Perlu selektif dalam menuntut ilmu
Mari kita lihat rutinitas harian tukang parkir. Dalam sehari mungkin ada ratusan motor dan puluhan mobil yang dia layani. Mulai dari yang paling kinclong sampai yang paling butut. Menariknya, si tukang parkir tidak pernah menahan para pemilik motor dan mobil tersebut, atau merasa sewot, manakala mereka mengambil kendaraannya. Kenapa? Karena kendaraan tersebut bukan miliknya. Ya bukan miliknya!
Begitu pula kita saksikan, bahwa tukang parkir tidak sembarangan memakai kendaraan tersebut, walaupun ada di depan matanya dan berada di ‘wilayah kekuasaanya’. Mengapa? Karena kendaraan tersebut bukan miliknya. Ya, sekali lagi bukan miliknya.
Dalam kehidupan di dunia, tentu kita memiliki banyak sesuatu. Rumah, sawah, uang, motor, HP, kulkas dan yang semisal. Kita juga mempunyai bapak, ibu, anak, kakak, adik dan kerabat lainnya. Semua memang secara lahiriah adalah milik kita, namun pada hakikatnya adalah titipan dari Yang Maha Kuasa.
Maka, seharusnya sikap kita adalah:
1. Mempergunakan barang-barang tersebut dan bersikap dengan orang-orang itu, sesuai dengan aturan yang telah digariskan Sang Pemilik hakiki; Allah subhanahu wa ta’ala.
Rasulullah shallallahu’alaihiwasallam bersabda,
“Kedua kaki seorang hamba tidak akan bergeser di hari kiamat hingga ditanya tentang umurnya dipergunakan untuk apa, tentang ilmunya sudahkah diamalkan, tentang hartanya dari mana didapatkan dan dipergunakan untuk apa, serta tentang tubuhnya dipergunakan untuk apa?”. HR. Tirmidzy dan dinyatakan hasan sahih oleh beliau.
2. Menerima dengan penuh kesabaran dan keridhaan, manakala titipin tersebut diambil oleh Sang Pemilik hakiki; Allah jalla wa ‘ala.
Artinya: “Kami pasti akan menguji kalian dengan sedikit ketakutan, kelaparan, kekurangan harta, jiwa dan buah-buahan.
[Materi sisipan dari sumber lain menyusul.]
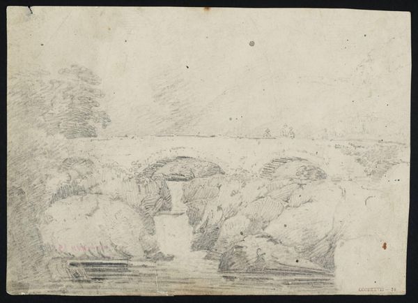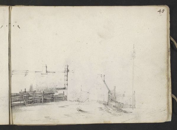 Curator: The stark simplicity of this sketch is captivating. Gerard ter Borch, around 1634, captured this "Sluis in een rivier"—a lock on a river—using ink on paper. Editor: There's a certain melancholic quality, isn’t there? The muted tones and rather still water…it feels very contained, even slightly oppressive. Curator: Indeed. Locks like this, while functional for trade and transportation, often became symbols of control—attempts to manage and tame the natural world. Borch, during the Dutch Golden Age, was likely commenting on the delicate balance between human intervention and nature's course. Editor: I see it, though I would argue he's highlighting human dependence on these structures. A sluice, in this region, would control flood, thus preserving lives and ways of life. Is it too much of a leap to connect that control to power and security within Dutch society? The drawing’s sparseness almost lends it the air of a political statement, of survival itself. Curator: Not a leap at all! The repeating sluice openings could suggest many successive societal strata depending on river water to maintain existence. Furthermore, notice how he places the viewer low, near the water. We're drawn into this sense of dependence, physically almost submerged within it. Editor: Which returns to the melancholic mood—the vulnerability this highlights! We feel so near and dependent on its mercy. Beyond that, how do you interpret the stark, almost severe lines of the architectural structure versus the softness of the water? Does that signify anything symbolic to you? Curator: It speaks to a dichotomy. Perhaps he's showcasing how society’s progress depends on restraining forces, but at a great cost. One is hard edged—linear, man-made—while the other reflects nature in her true chaotic, flowing form. I would say Borch captured much about humanity's place here. Editor: This little sketch becomes incredibly profound the more you sit with it. Thanks for taking the time. Curator: Absolutely. Considering it closely certainly amplifies both its social impact and emotional power.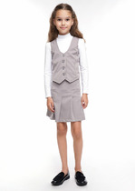 Стильная укороченная модель для девочек. Имеет по четыре встречные складки спереди и сзади. Юбочка дополнена кокеткой с хлястиками.Хлястики декорированы пуговицами.Застежка на потайную молнию выполнена в левом боковом шве.На подкладе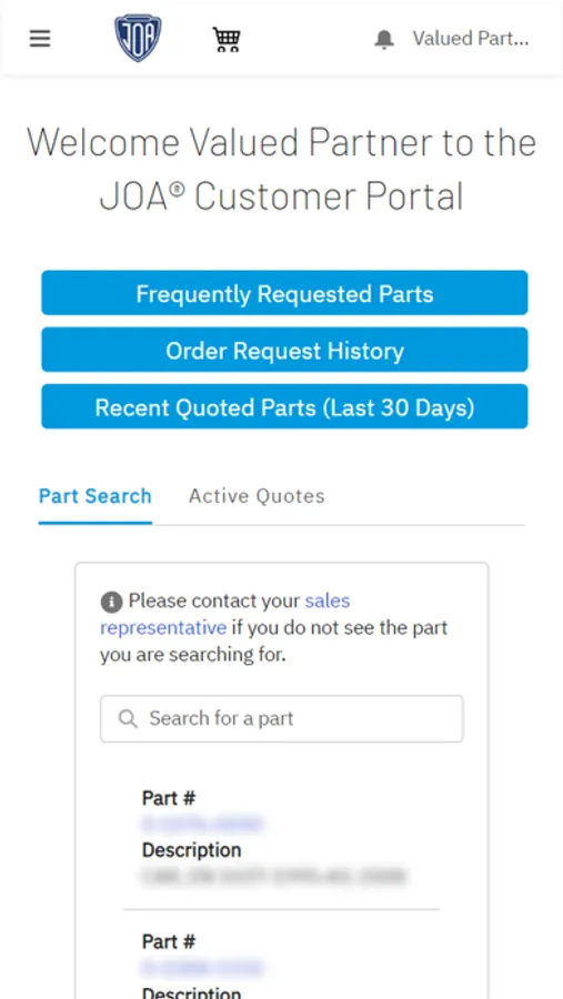 The JOA Portal app provides secure, mobile access to your JOA spare parts on-the-go. As a customer, portal allows you to: -Search spare parts, create self-service spare parts quotes, and submit purchase orders. Immediately take action right from the app. -Get communications and updates for spare parts status tracking, pricing updates, and leave feedback. -Browse your quotes and orders history. - Stay connected to your account by gaining quick insight into what's important through reports.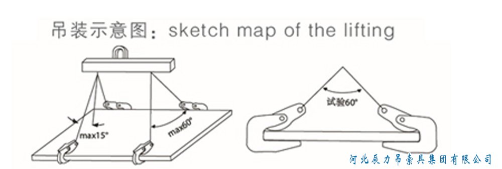 1.橫吊起重鉗的基本用法如圖所示,通過(guò)橫梁連接,組成兩對(duì)橫吊起重鉗。特別提示:橫吊起重鉗的安全工作載荷是指一對(duì)(兩只)橫吊鉗的載荷;起吊鋼板厚度是指吊鉗安全起吊鋼板的厚度范圍,起重吊鉗的實(shí)際開口度應(yīng)該大于鋼板的厚度。起吊前必須檢查鋼板的重量和板厚是否與起重鉗匹配。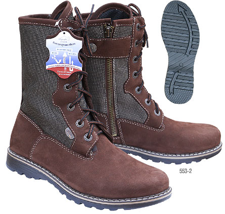 Обувь выполнена из нубука и водоотталкивающей тканиполиуретановое покрытие ткани, обладают мембранным эффектомподкладка поролон - «камбрель». легко поддается аэрозольной обработке для повышения влагостойкостизакрывается на молнию.

Dan sampaikanlah kabar gembira kepada orang-orang yang sabar. (Yaitu) orang-orang yang apabila ditimpa musibah, mereka berkata, “Innâ lillâhi wa innâ ilaihi rôji’ûn” (Sesungguhnya kita adalah milik Allah dan kepada-Nyalah kita dikembalikan). Mereka itulah yang memperoleh ampunan dan rahmat dari Rabbnya, dan mereka itulah orang-orang yang mendapat petunjuk”. QS. Al-Baqarah: 155-157.